Please print, exactly, only the lines in the entries below from the line that has "Keyless Entry &" through the line that has "10月24日,來往車輛在東人". Pictures don't go in.

Data excerpts —
>>

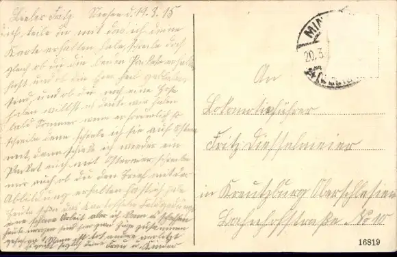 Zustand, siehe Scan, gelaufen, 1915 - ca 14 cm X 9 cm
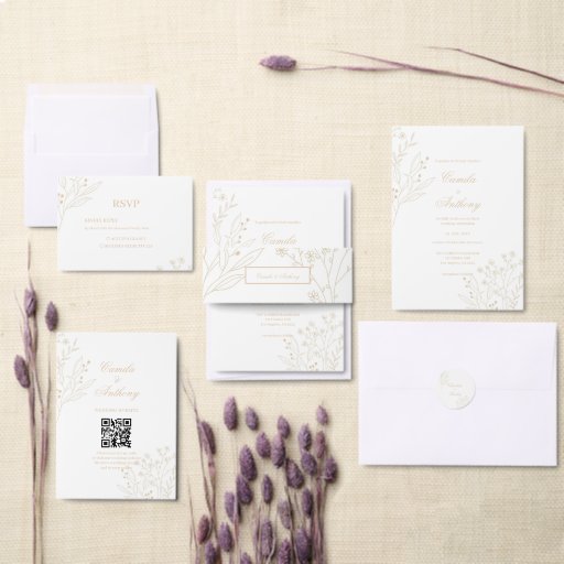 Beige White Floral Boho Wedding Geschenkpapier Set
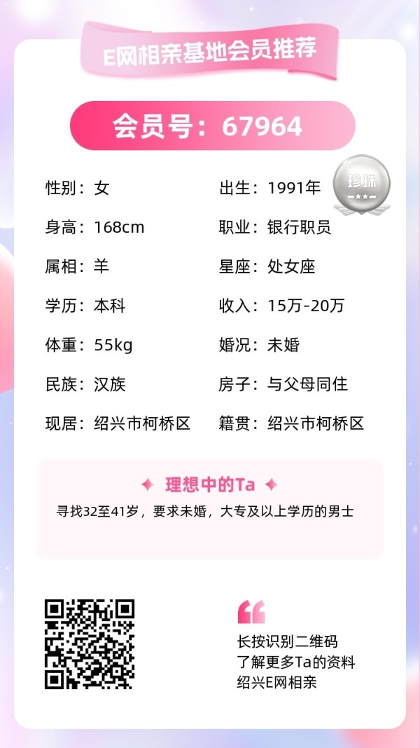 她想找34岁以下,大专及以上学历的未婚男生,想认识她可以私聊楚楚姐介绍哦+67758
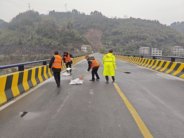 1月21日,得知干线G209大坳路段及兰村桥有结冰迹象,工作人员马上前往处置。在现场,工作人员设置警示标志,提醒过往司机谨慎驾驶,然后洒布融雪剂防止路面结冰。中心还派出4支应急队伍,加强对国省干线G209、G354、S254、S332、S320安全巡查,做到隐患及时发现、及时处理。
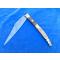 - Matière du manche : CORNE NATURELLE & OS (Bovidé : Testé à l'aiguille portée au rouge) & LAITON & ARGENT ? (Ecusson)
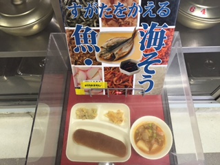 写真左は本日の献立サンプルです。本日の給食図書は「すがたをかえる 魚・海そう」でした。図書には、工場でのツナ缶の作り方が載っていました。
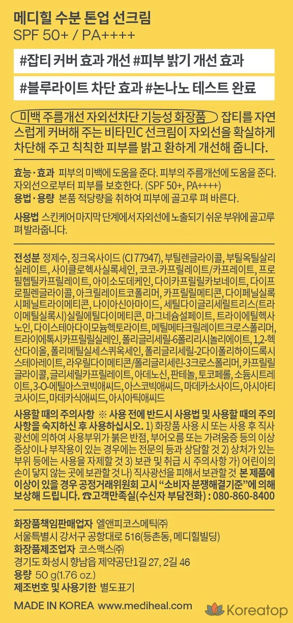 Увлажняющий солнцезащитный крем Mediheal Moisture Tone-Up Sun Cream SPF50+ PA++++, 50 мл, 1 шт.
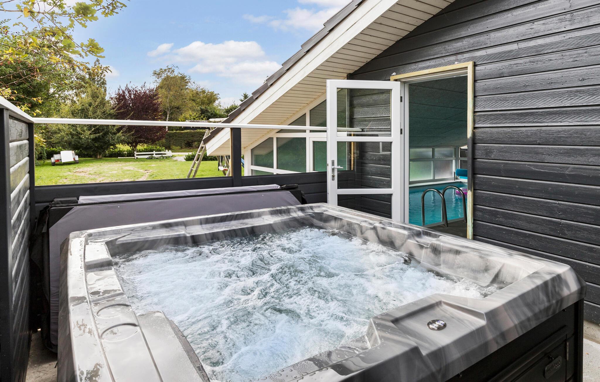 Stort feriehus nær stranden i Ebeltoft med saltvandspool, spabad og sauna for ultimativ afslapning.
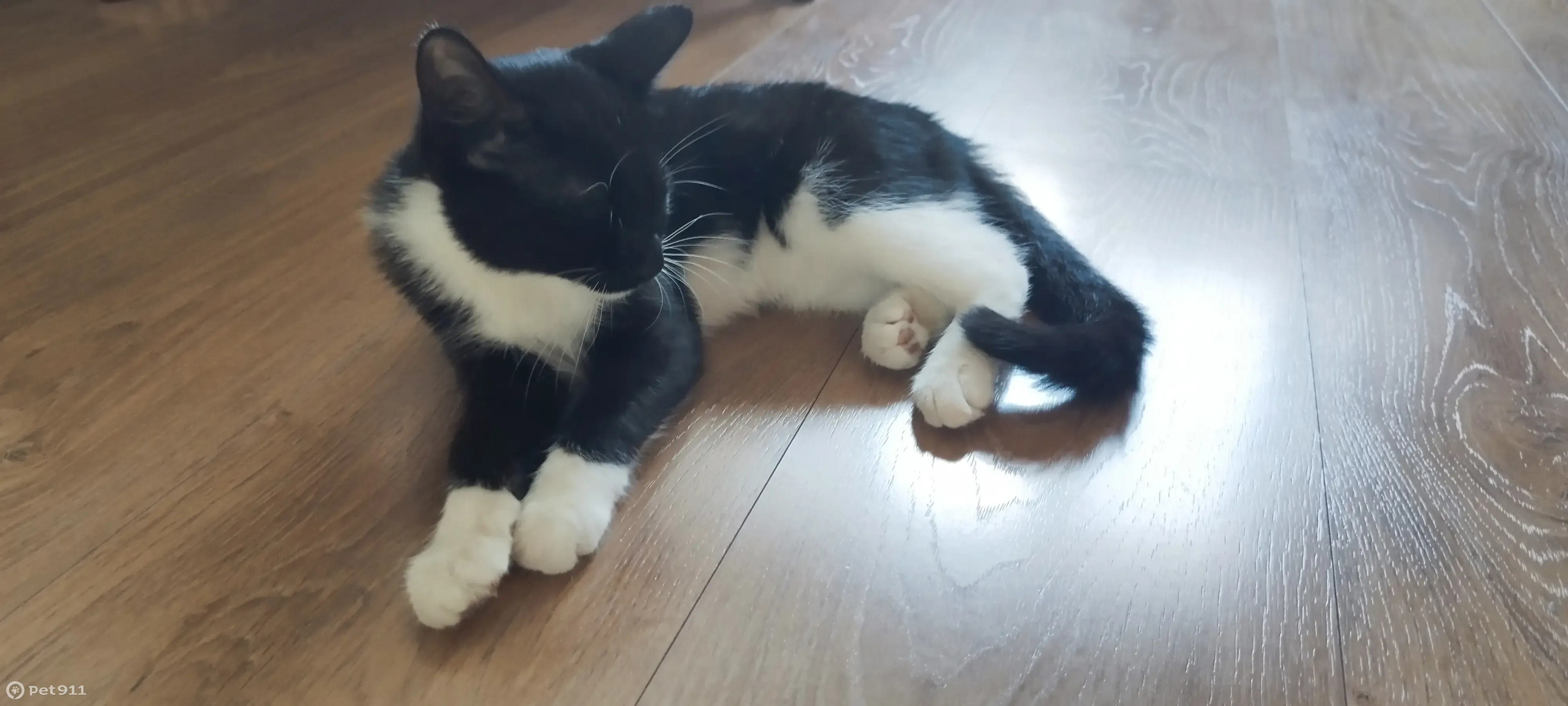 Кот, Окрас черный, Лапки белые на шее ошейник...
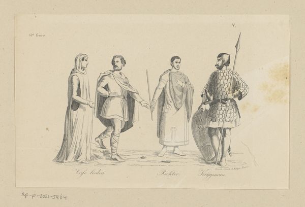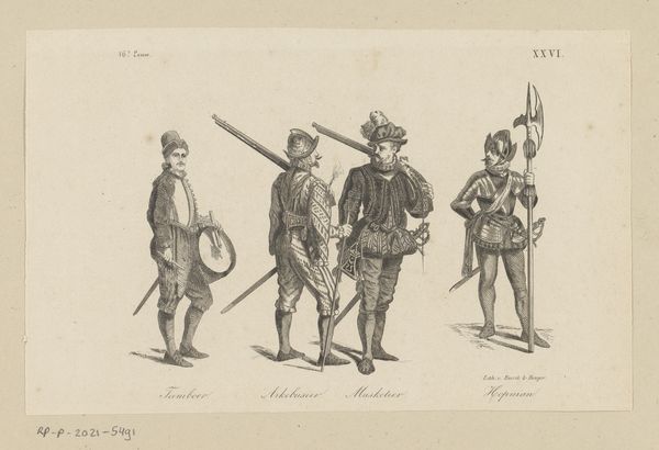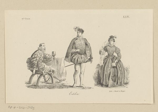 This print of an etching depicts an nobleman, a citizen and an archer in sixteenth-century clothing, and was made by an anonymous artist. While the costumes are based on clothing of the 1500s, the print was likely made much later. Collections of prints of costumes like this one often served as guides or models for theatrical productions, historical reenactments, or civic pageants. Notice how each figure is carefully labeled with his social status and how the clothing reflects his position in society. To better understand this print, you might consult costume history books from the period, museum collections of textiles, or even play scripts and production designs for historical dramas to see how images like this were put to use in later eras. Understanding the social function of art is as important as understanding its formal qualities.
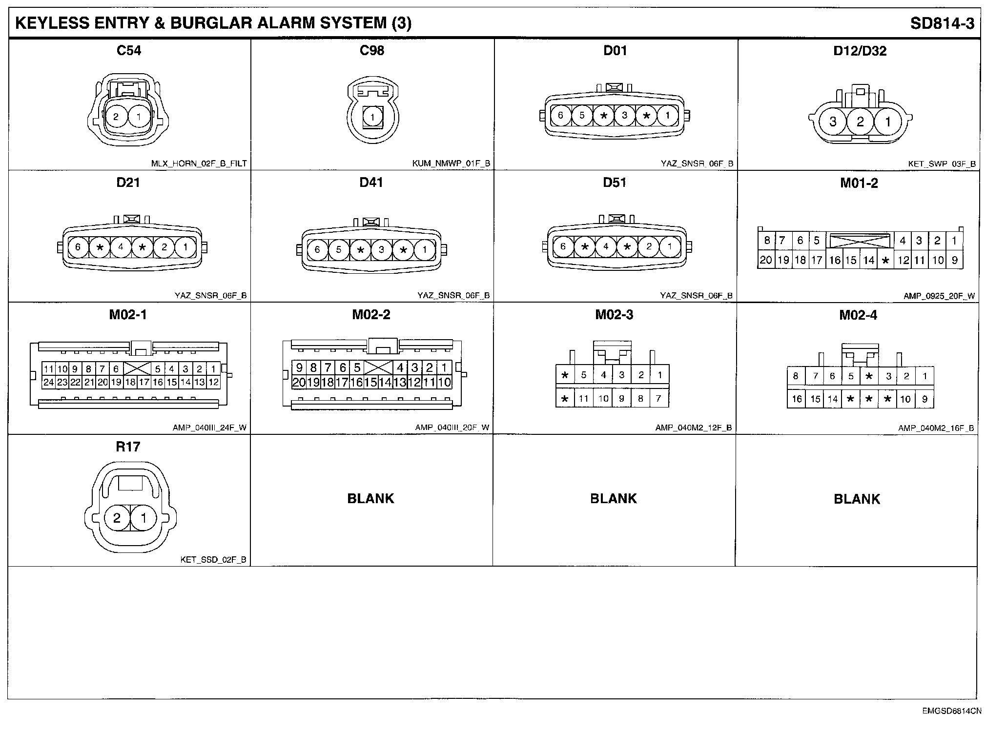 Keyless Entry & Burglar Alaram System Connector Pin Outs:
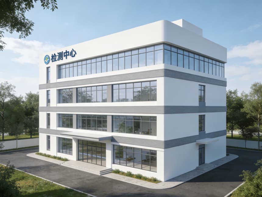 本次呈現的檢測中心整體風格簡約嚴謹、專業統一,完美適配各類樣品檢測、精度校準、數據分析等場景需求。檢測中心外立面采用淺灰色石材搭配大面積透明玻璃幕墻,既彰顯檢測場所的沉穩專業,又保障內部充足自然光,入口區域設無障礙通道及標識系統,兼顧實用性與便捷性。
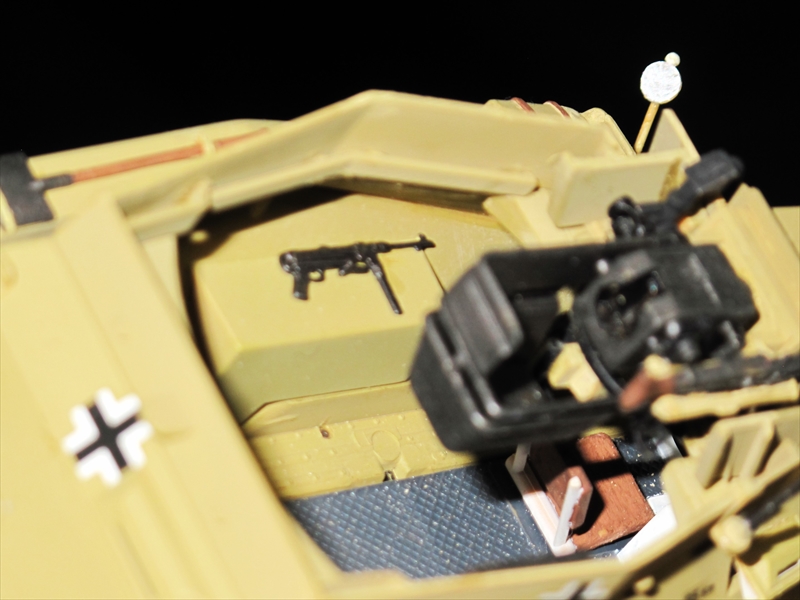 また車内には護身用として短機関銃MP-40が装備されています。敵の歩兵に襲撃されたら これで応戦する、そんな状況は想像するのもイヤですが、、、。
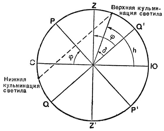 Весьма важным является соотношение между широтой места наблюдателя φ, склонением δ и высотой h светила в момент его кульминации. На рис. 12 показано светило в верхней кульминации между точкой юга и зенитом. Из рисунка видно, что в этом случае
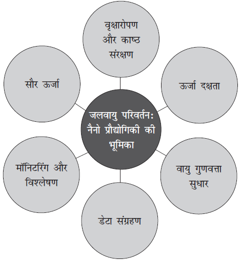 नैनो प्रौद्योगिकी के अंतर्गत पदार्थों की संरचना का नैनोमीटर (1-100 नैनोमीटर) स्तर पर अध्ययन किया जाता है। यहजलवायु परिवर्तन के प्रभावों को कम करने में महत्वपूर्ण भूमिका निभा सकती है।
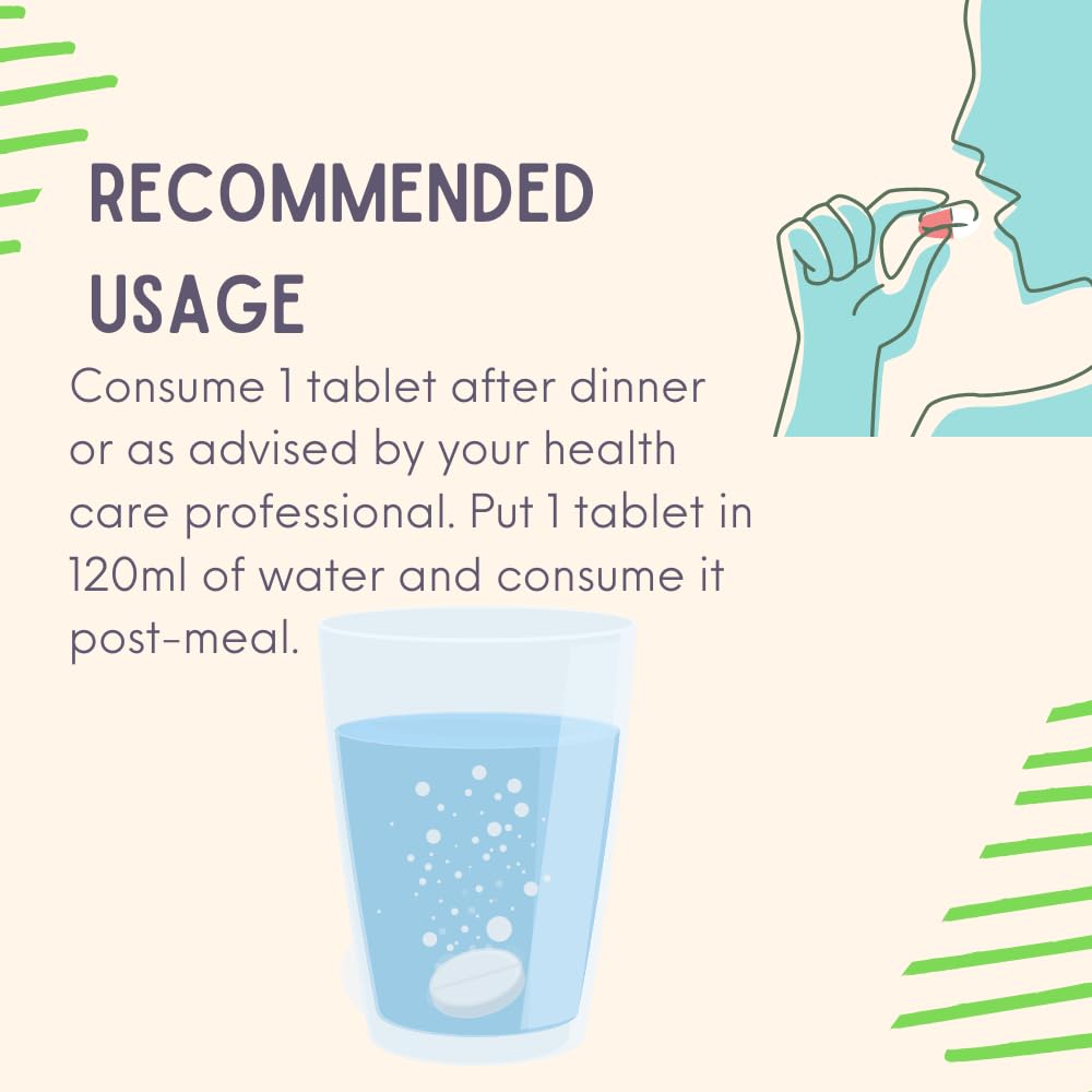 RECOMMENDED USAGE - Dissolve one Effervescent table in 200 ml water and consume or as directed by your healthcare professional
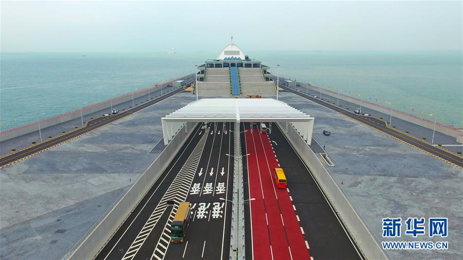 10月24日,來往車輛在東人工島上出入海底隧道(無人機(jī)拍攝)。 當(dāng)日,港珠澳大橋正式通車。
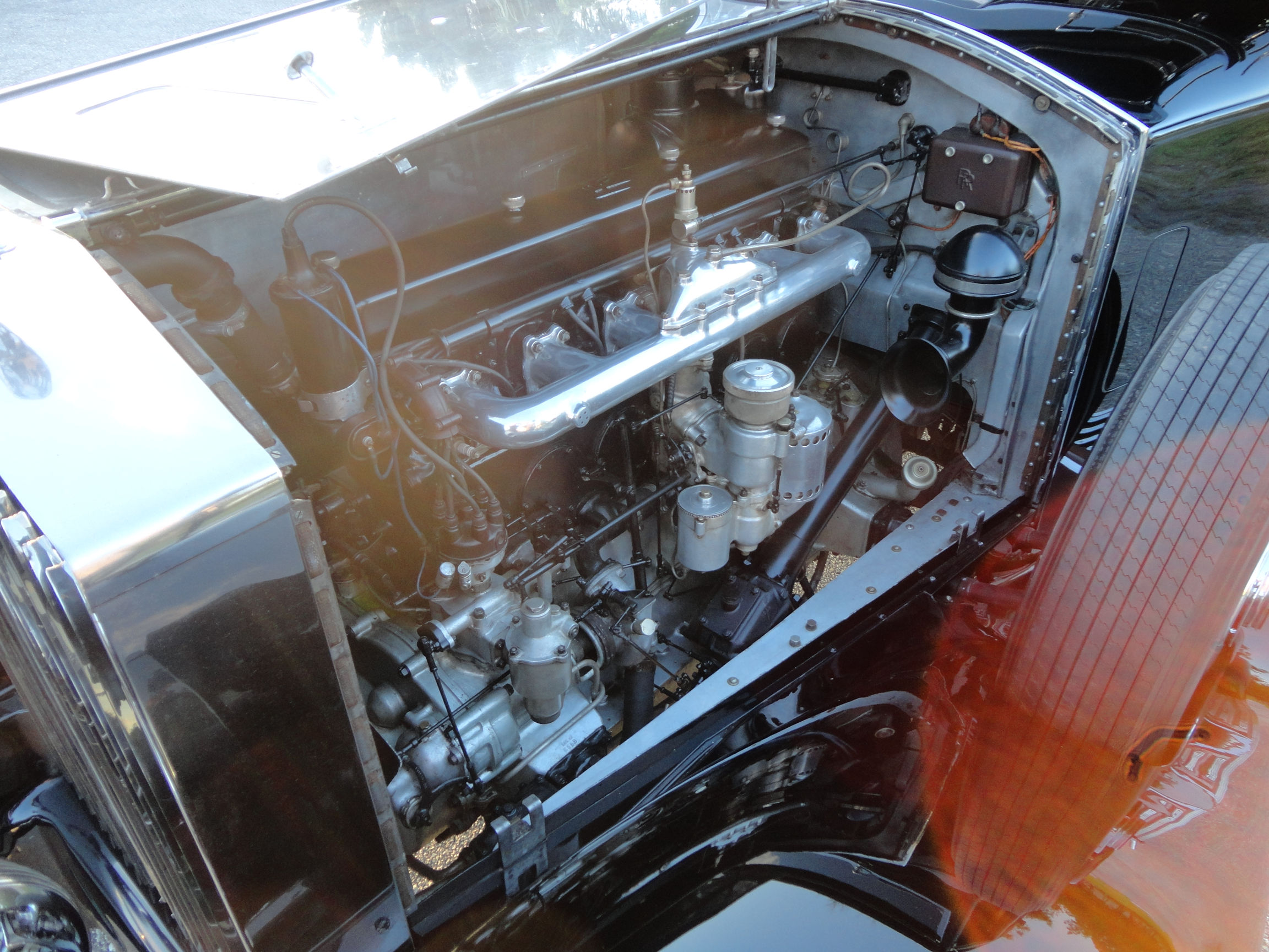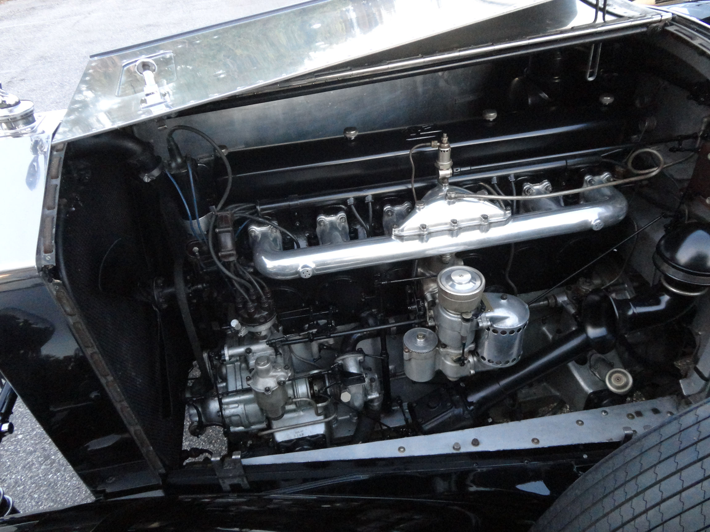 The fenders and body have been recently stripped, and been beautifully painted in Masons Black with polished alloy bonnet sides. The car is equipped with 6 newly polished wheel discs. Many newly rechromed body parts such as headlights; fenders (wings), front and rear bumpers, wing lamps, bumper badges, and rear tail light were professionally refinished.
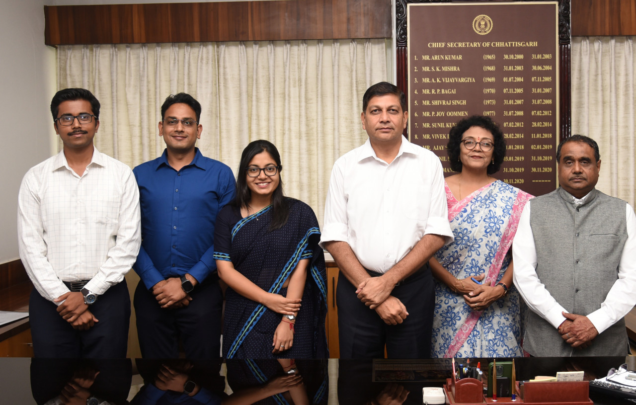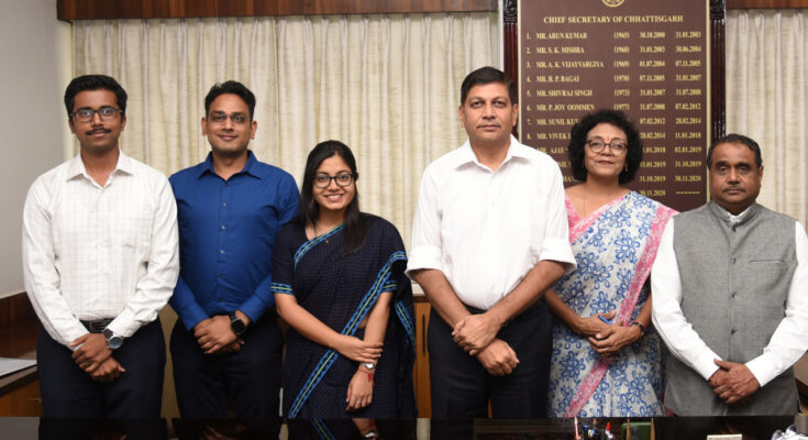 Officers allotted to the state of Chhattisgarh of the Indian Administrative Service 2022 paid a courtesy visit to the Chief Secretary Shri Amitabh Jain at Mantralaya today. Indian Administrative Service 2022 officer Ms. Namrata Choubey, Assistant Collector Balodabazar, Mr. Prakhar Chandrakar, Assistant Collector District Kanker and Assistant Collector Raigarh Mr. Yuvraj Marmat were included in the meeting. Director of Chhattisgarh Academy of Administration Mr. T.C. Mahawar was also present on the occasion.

<<

Problem solution —
 Keyless Entry & Burglar Alaram System Connector Pin Outs:
 本次呈現的檢測中心整體風格簡約嚴謹、專業統一,完美適配各類樣品檢測、精度校準、數據分析等場景需求。檢測中心外立面采用淺灰色石材搭配大面積透明玻璃幕墻,既彰顯檢測場所的沉穩專業,又保障內部充足自然光,入口區域設無障礙通道及標識系統,兼顧實用性與便捷性。
 また車内には護身用として短機関銃MP-40が装備されています。敵の歩兵に襲撃されたら これで応戦する、そんな状況は想像するのもイヤですが、、、。
 Весьма важным является соотношение между широтой места наблюдателя φ, склонением δ и высотой h светила в момент его кульминации. На рис. 12 показано светило в верхней кульминации между точкой юга и зенитом. Из рисунка видно, что в этом случае
 नैनो प्रौद्योगिकी के अंतर्गत पदार्थों की संरचना का नैनोमीटर (1-100 नैनोमीटर) स्तर पर अध्ययन किया जाता है। यहजलवायु परिवर्तन के प्रभावों को कम करने में महत्वपूर्ण भूमिका निभा सकती है।
 RECOMMENDED USAGE - Dissolve one Effervescent table in 200 ml water and consume or as directed by your healthcare professional
 10月24日,來往車輛在東人工島上出入海底隧道(無人機(jī)拍攝)。 當(dāng)日,港珠澳大橋正式通車。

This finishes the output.